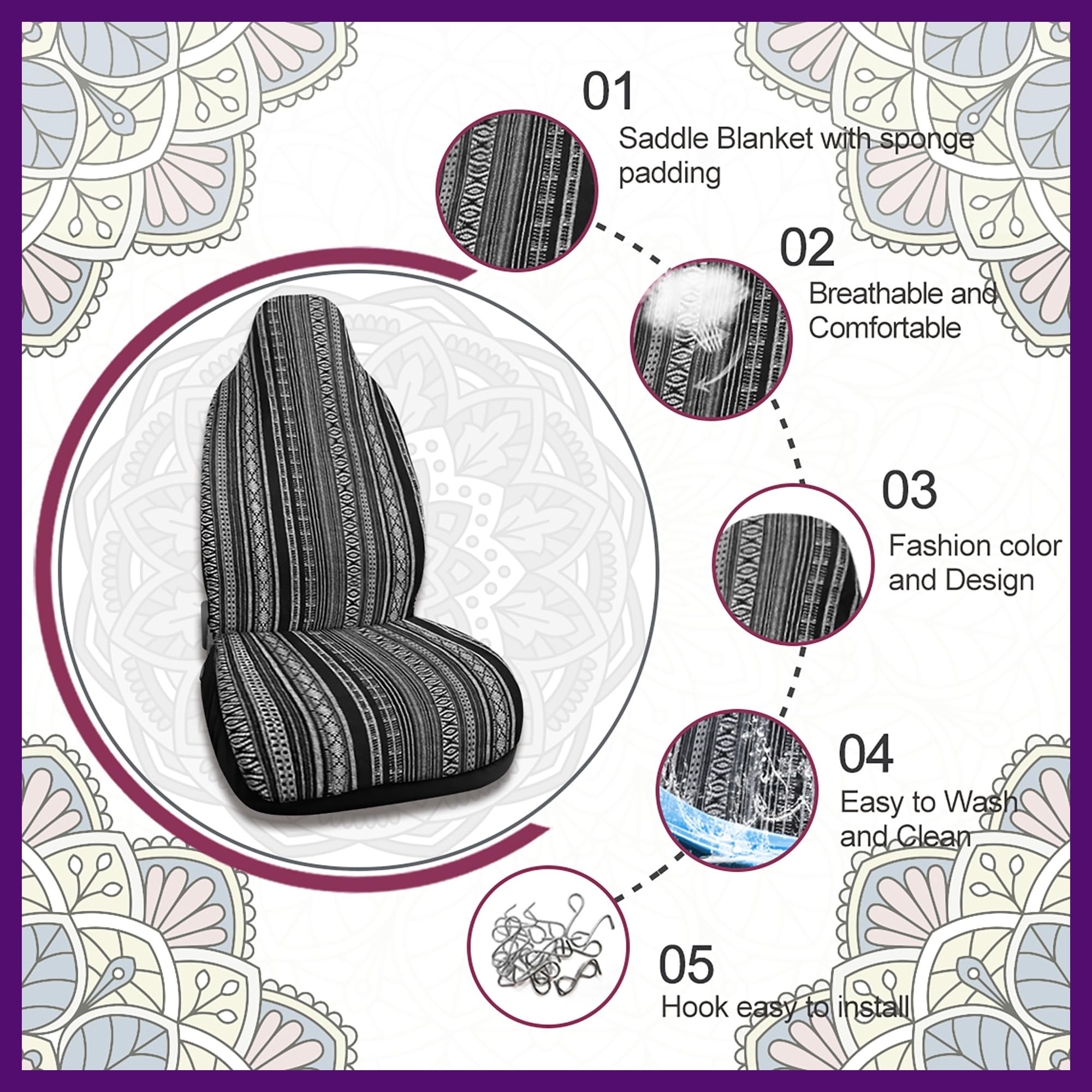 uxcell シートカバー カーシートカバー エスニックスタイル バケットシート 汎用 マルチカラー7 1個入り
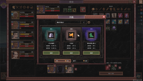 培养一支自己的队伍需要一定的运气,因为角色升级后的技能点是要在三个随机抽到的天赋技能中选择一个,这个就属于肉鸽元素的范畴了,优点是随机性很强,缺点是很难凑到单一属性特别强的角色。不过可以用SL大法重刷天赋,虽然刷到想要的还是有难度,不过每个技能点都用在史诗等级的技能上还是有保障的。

--

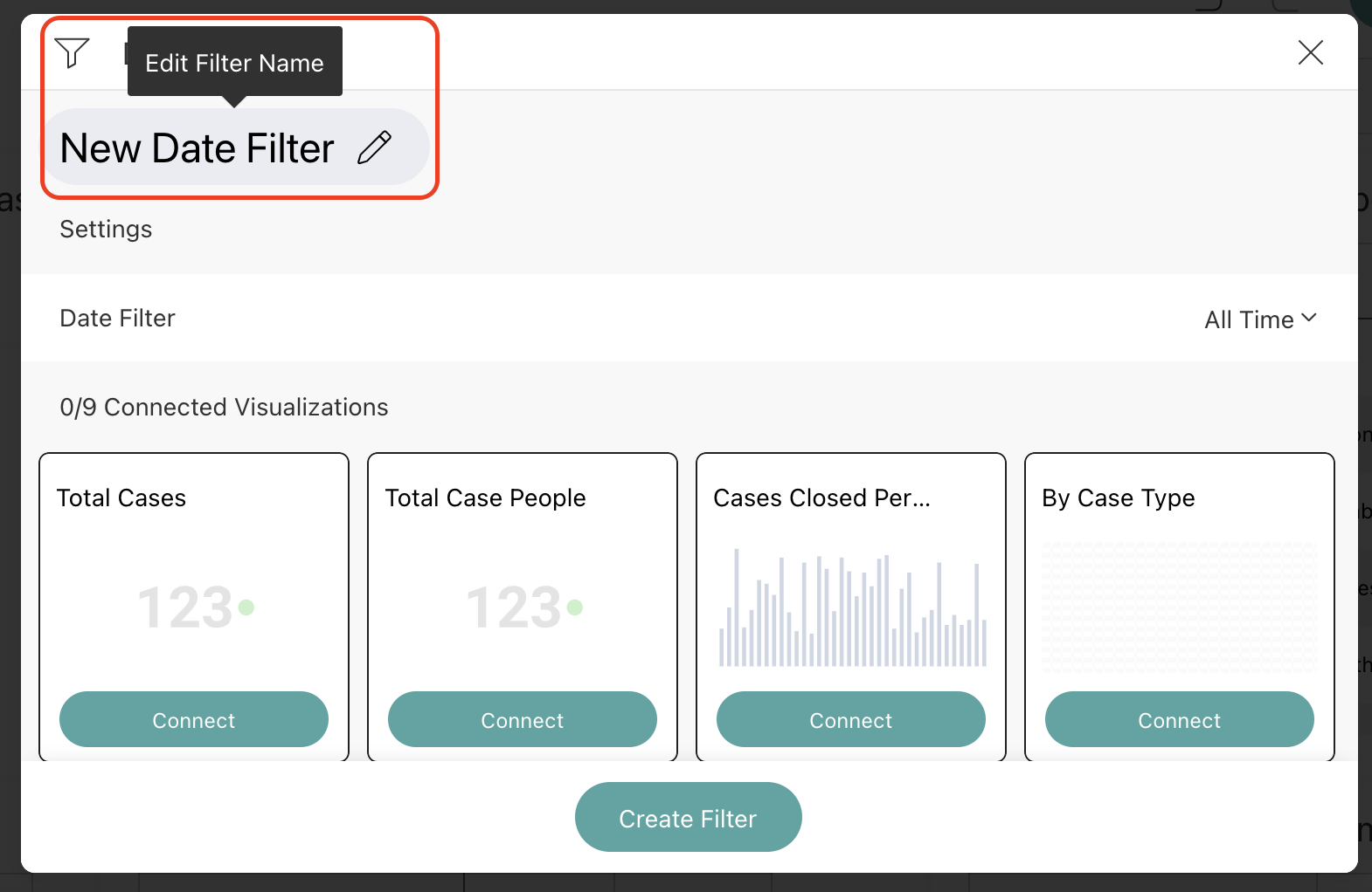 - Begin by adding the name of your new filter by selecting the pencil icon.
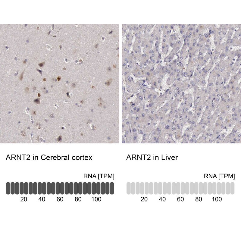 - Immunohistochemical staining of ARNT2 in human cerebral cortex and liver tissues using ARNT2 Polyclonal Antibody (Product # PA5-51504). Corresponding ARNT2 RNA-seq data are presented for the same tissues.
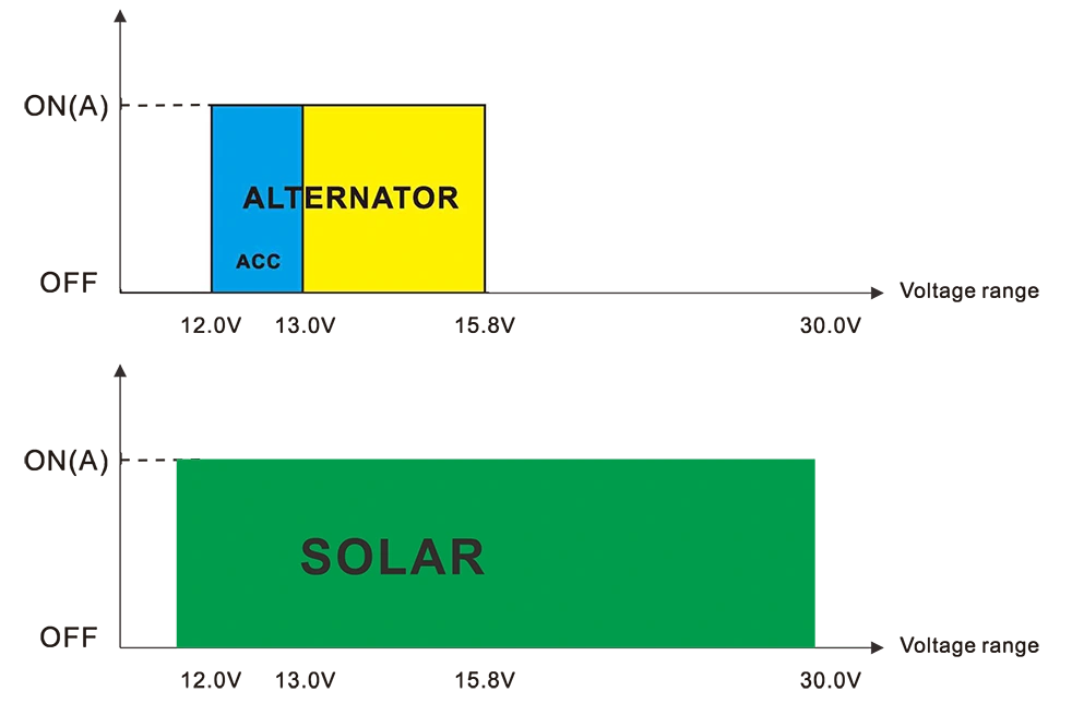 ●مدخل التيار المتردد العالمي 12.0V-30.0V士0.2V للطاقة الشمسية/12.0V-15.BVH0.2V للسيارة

==

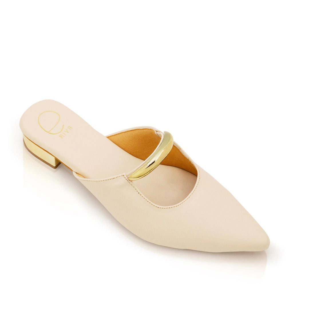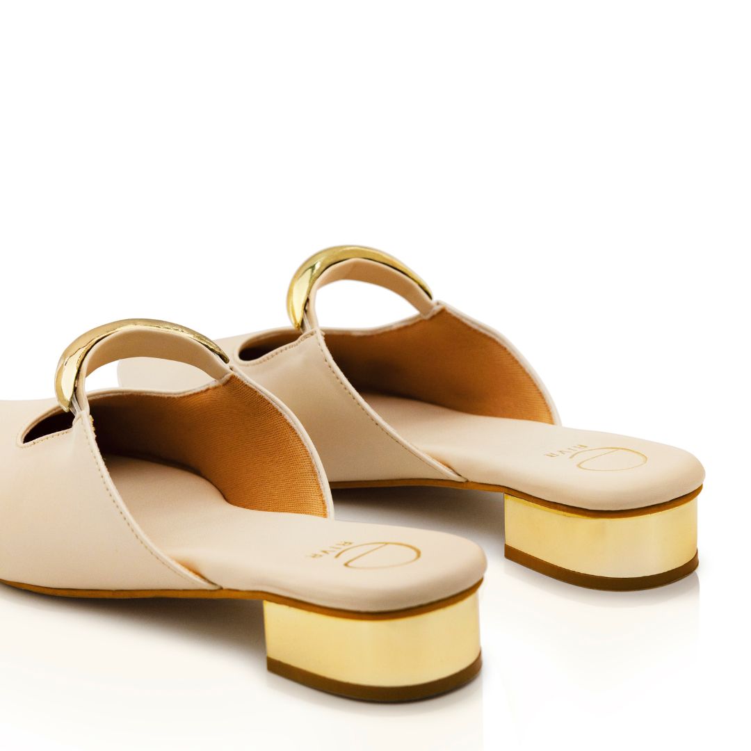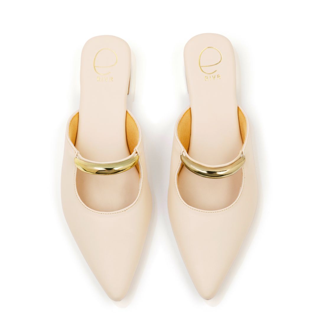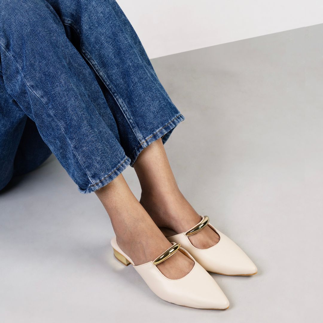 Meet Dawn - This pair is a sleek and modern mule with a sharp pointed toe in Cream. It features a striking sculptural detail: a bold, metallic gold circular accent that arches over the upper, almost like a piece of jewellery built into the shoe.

Task.
In the listing above, find the line with "- Immunohistochemical staining" and output it and every line after it up to and including the line with "للطاقة الشمسية/12.0V-15.BVH0.2V للسيارة", exactly, minus the pictures.

Task result.
 - Immunohistochemical staining of ARNT2 in human cerebral cortex and liver tissues using ARNT2 Polyclonal Antibody (Product # PA5-51504). Corresponding ARNT2 RNA-seq data are presented for the same tissues.
 ●مدخل التيار المتردد العالمي 12.0V-30.0V士0.2V للطاقة الشمسية/12.0V-15.BVH0.2V للسيارة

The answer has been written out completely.